Hard-constraint physics-residual networks for hydrogen crossover prediction and high-pressure extrapolation in PEM water electrolysis
Abstract
Hydrogen crossover is a critical safety and efficiency constraint in high-pressure polymer electrolyte membrane water electrolysis (PEMWE), but accurate prediction remains difficult because data are limited, transport physics are strongly coupled, and industrial operation requires reliable extrapolation beyond observed conditions. This study develops a hard-constraint physics-residual network (PR-Net) for hydrogen crossover prediction in PEMWE and compares it with a purely data-driven neural network (NN) and a soft-constraint physics-informed neural network (PINN).
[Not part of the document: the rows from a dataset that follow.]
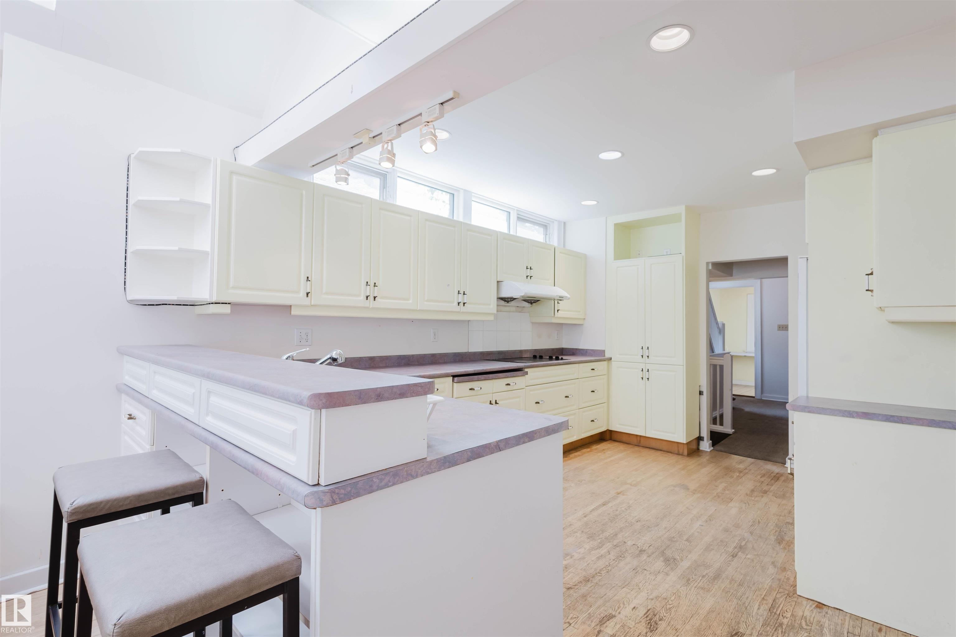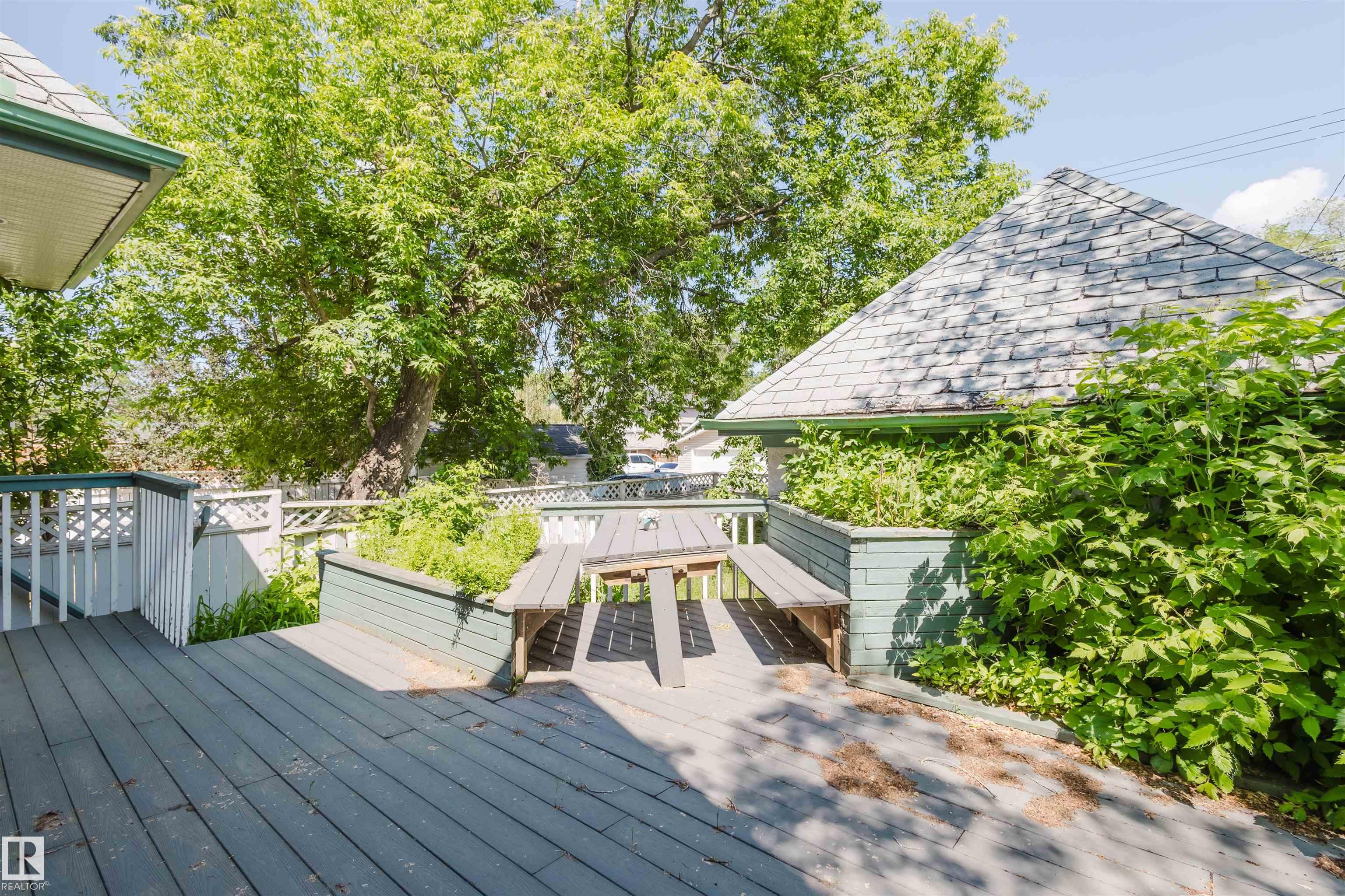 Location! Location! Location! Stunning updated 1900+ sqft GARNEAU home offers you 5 bdrms and 3 bath. The modern good-size kitchen has abundant counter space & cabinetry. The living room has huge window that offers you plenty of natural light which features wood floor and a wood-burning fireplace. The original POCKET GLASS DOORS connects the living room with a formal dining room. The adjacent family room has 2 skylights, built-in shelves surrounding a gas fireplace. Upstairs features a spacious master bdrm and another 2 good size bdrms, newly renovated bath and a large storage room. Fully finished basement offers you another two bdrms, a bath and laundry. Private backyard offers you a no-maintenance deck with built-in picnic table and planters, a ramp for accessibility. This house just steps away from the River valley and also within walking distance to UofA hospital, UofA campus, downtown, Whyte Ave, shopping and restaurants. Such a convenient location which you don't want to miss!
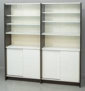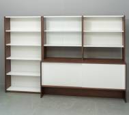 Twee kasten met witte formica deuren en schappen in wengégefineerde ombouw, beide ontwerp Martin Visser, uitvoering 't Spectrum, model KW89 -fineerschades-, 160 × 160 × 35 cm, en model WW70, 164 × 80 × 26,5 cm
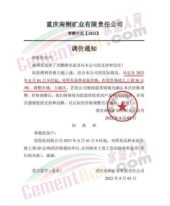 重慶金隅冀東水泥貿(mào)易有限公司通知,根據(jù)目前原材料上漲情況,經(jīng)公司研究決定,自8月1日8時起,銷往重慶主城區(qū)的所有水泥價格上調(diào)30元/噸。
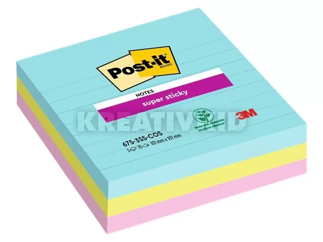 Öntapadó jegyzettömb, vonalas, 3x70 lap, 101x101 mm, 3M POSTIT "Super Sticky Cosmic", vegyes színek
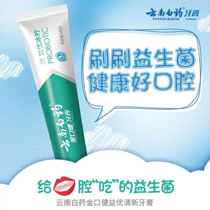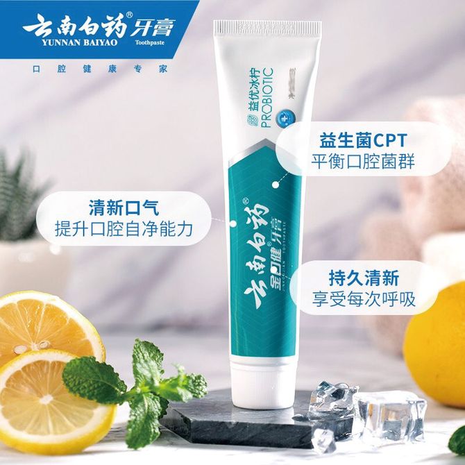 云南白药 金口健牙膏 益优冰柠 145g*5 益生菌清新口腔异味健白牙齿
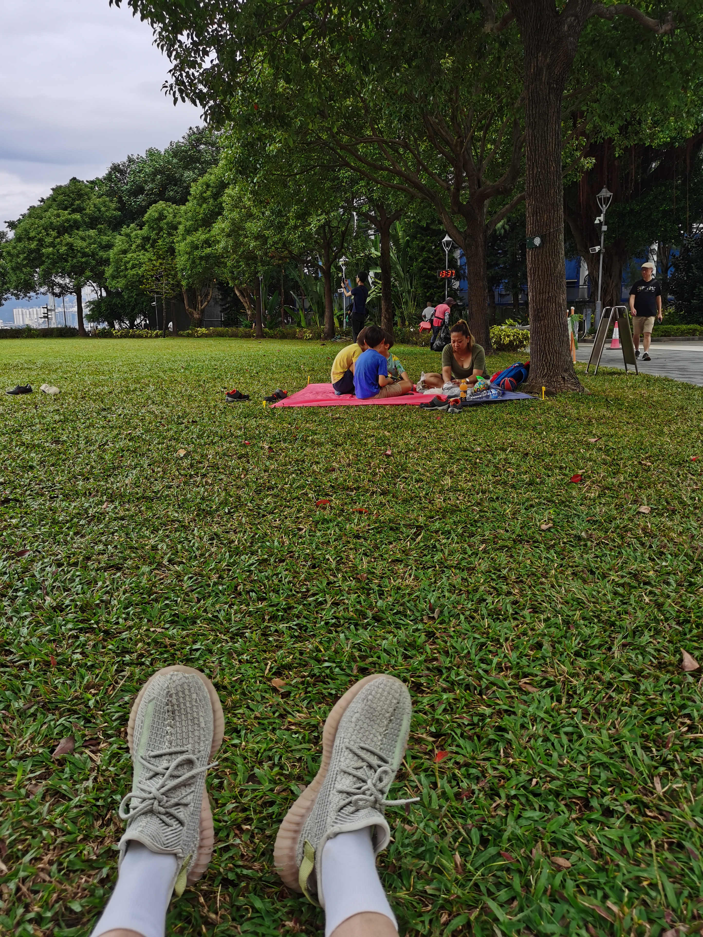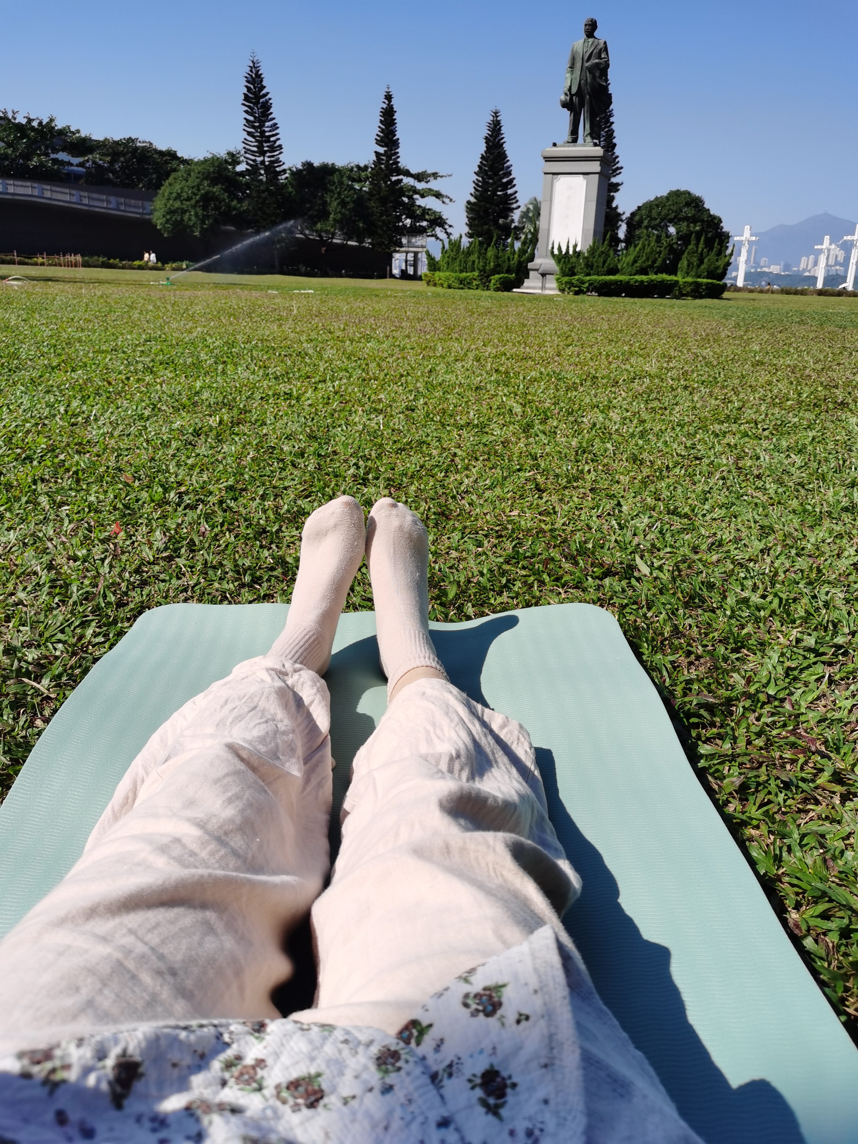 之前吃完午饭我会在中山纪念公园和海边散步,看到很多人在草坪上晒太阳或者野餐,我就蠢蠢欲动想试试:

PR-Net embeds Henry's, Fick's, and Faraday's laws as a deterministic backbone and learns only a residual correction for unmodelled nonlinear effects. The benchmark includes 184 observations from eight peer-reviewed sources across six membrane types, covering 1-200 bar, 25-85°C, and 0.05-5.0 A cm-2. PR-Net achieves R2 = 99.57 0.16%, with 9-fold lower prediction variability than NN and PINN. In pressure-axis extrapolation, PR-Net attains R2 = 94.02 0.92% at 200 bar, 2.5 times beyond the training pressure range, compared with 68.06 5.52% for PINN and 58.00 8.60% for NN (p < 0.001). Residual analysis indicates that the learned correction captures part of the high-pressure gas-phase non-ideality and recovers a transport-regime transition near 0.23 A cm-2 between Fickian diffusion-dominated and Faradaic production-dominated transport. With a computation time of 1.08 0.34 ms on low-power embedded hardware, PR-Net provides a practical framework for real-time crossover monitoring, adaptive process control, and safer high-pressure green-hydrogen operation.